TRY IT — Would you please copy only the lines from the line that contains "Selain ke makam" to the end of the data below, exactly, leaving every picture out?

Data records
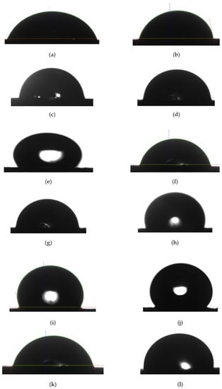 After centrifuging, the coreholders were disassembled to inspect the oil saturation in the core samples. The samples were again loaded in the core holder and the overburden pressure was adjusted prior to placing them in the oven for aging. Once aging was completed, the top (thin) section of the core sample was loaded in a Vinci IFT 700 instrument (Vinci Technologies, Nanterre, France) to measure the contact angle by the sessile drop method using brine as the drop fluid. The measured contact angles for the aged core samples are listed in Table 1. Figure 1 shows representative contact angles for the brine sessile drop in the presence of air for all the core samples. Figure 1a–e are the contact angle measurements for Chalk 1 through Chalk 5 that were aged at increasing time of 1 to 5 weeks. Figure 1f–j are the contact angle measurements of Berea 1 through Berea 5 that were aged at increasing time of 0.5 to 8 weeks. Figure 1k,l are the contact angle measurement for clean and 4 weeks aged Silurian dolomite samples.
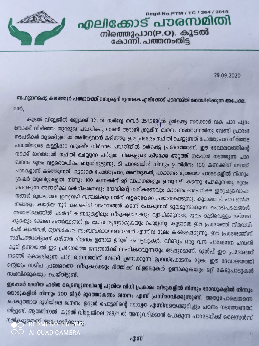 കലഞ്ഞൂരിനെ വിഴുങ്ങുവാൻ തയ്യാറെടുക്കുന്ന ഖനനങ്ങളുടെ പ്രാഥമിക പ്രവർത്തനം നിർത്തിവെക്കണം
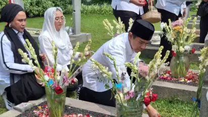 Selain ke makam Habibie, di TMP Kalibata Kaesang juga berziarah dan menggelar tabur bunga di makan mantan Ketua MPR Taufik Kiemas dan Kristiani Herrawati atau yang lebih dikenal dengan nama Ani Yudhoyono.
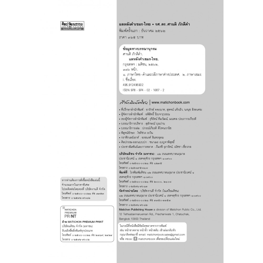 ภาษาไทยไม่ได้เกิดขึ้นอย่างลอยๆ ไม่มีที่มาที่ไป แต่เกิดจากการผสมผสานของหลากหลายภาษา และภาษาเขมรโบราณก็เป็นหนึ่งในนั้น หนังสือเล่มนี้จะพาเราร่วมสำรวจที่มาของคำยืมภาษาเขมร ตั้งแต่แรกเริ่มรับภาษามาใช้ ไล่เรียงลำดับพัฒนาการทางภาษา และสืบหาความหมายดั้งเดิมของคำยืมภาษาเขมรที่คนไทยใช้กันจนชิน
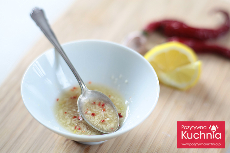 - Sok z cytryny mieszam w miseczce z cukrem i sosem rybnym.
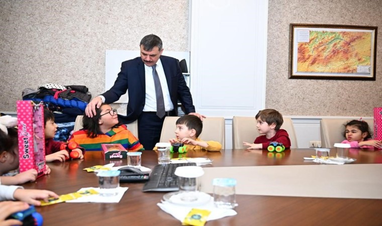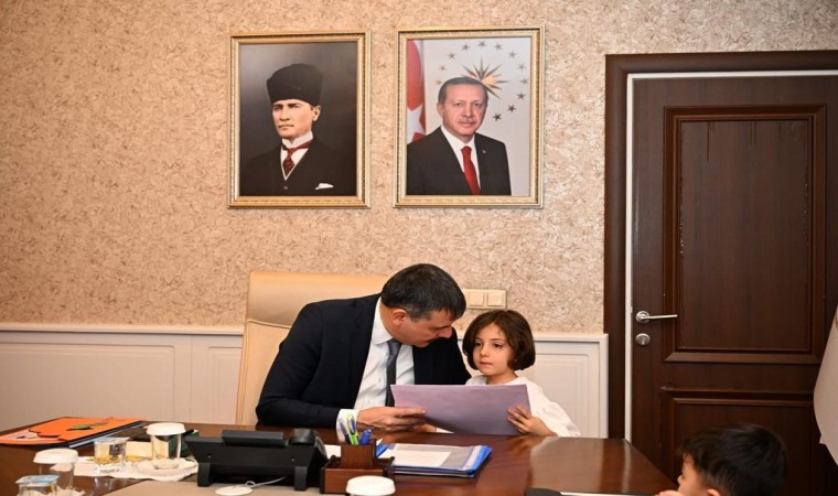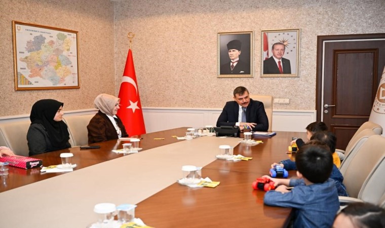 Erzurum Valisi Mustafa Çiftçi minik konuklarını toplantı salonunda ağırladı.

OUTPUT BELOW —
 Selain ke makam Habibie, di TMP Kalibata Kaesang juga berziarah dan menggelar tabur bunga di makan mantan Ketua MPR Taufik Kiemas dan Kristiani Herrawati atau yang lebih dikenal dengan nama Ani Yudhoyono.
 ภาษาไทยไม่ได้เกิดขึ้นอย่างลอยๆ ไม่มีที่มาที่ไป แต่เกิดจากการผสมผสานของหลากหลายภาษา และภาษาเขมรโบราณก็เป็นหนึ่งในนั้น หนังสือเล่มนี้จะพาเราร่วมสำรวจที่มาของคำยืมภาษาเขมร ตั้งแต่แรกเริ่มรับภาษามาใช้ ไล่เรียงลำดับพัฒนาการทางภาษา และสืบหาความหมายดั้งเดิมของคำยืมภาษาเขมรที่คนไทยใช้กันจนชิน
 - Sok z cytryny mieszam w miseczce z cukrem i sosem rybnym.
 Erzurum Valisi Mustafa Çiftçi minik konuklarını toplantı salonunda ağırladı.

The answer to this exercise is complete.